**DATA PROVIDED:**
"""
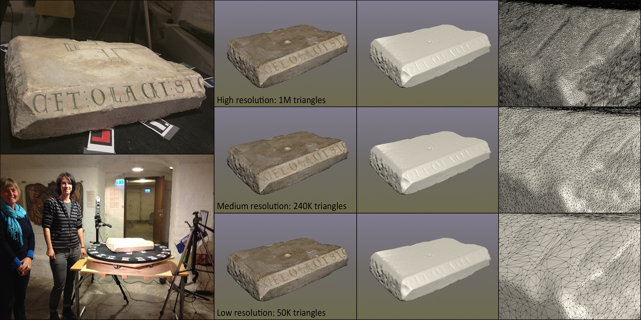 Typically we produce multiple versions of a digitized artefact, intended for different purposes. The example in the following figure demonstrates this: A high resolution version of a 3D scan is acquired and archived along with the raw input. Then the point cloud is reduced to obtain a more manageable volume of information for processing and computer-based analysis (medium resolution). Finally, the geometry is further reduced to get a low-resolution version of the model that is better-suited for display on low-end systems or the web.
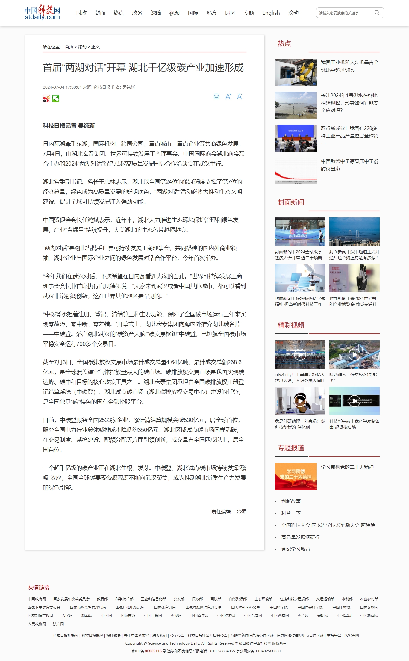 中国科技网:首届“两湖对话”开幕 湖北千亿级碳产业加速形成
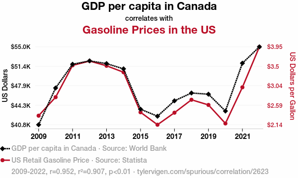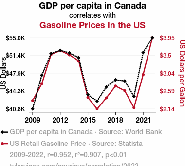 Canadian GDP per capita, US gasoline prices, economic correlation, cross-border economic dynamics, GDP per capita Canada, gasoline prices United States, World Bank data, Statista data, statistical analysis, correlation coefficient, economic relationship, fuel costs, economic prosperity
"""
**TASK BRIEF:**
Print the material in full and exactly, minus the pictures.

**OUTPUT FOR THIS EXERCISE:**
 Typically we produce multiple versions of a digitized artefact, intended for different purposes. The example in the following figure demonstrates this: A high resolution version of a 3D scan is acquired and archived along with the raw input. Then the point cloud is reduced to obtain a more manageable volume of information for processing and computer-based analysis (medium resolution). Finally, the geometry is further reduced to get a low-resolution version of the model that is better-suited for display on low-end systems or the web.
 中国科技网:首届“两湖对话”开幕 湖北千亿级碳产业加速形成
 Canadian GDP per capita, US gasoline prices, economic correlation, cross-border economic dynamics, GDP per capita Canada, gasoline prices United States, World Bank data, Statista data, statistical analysis, correlation coefficient, economic relationship, fuel costs, economic prosperity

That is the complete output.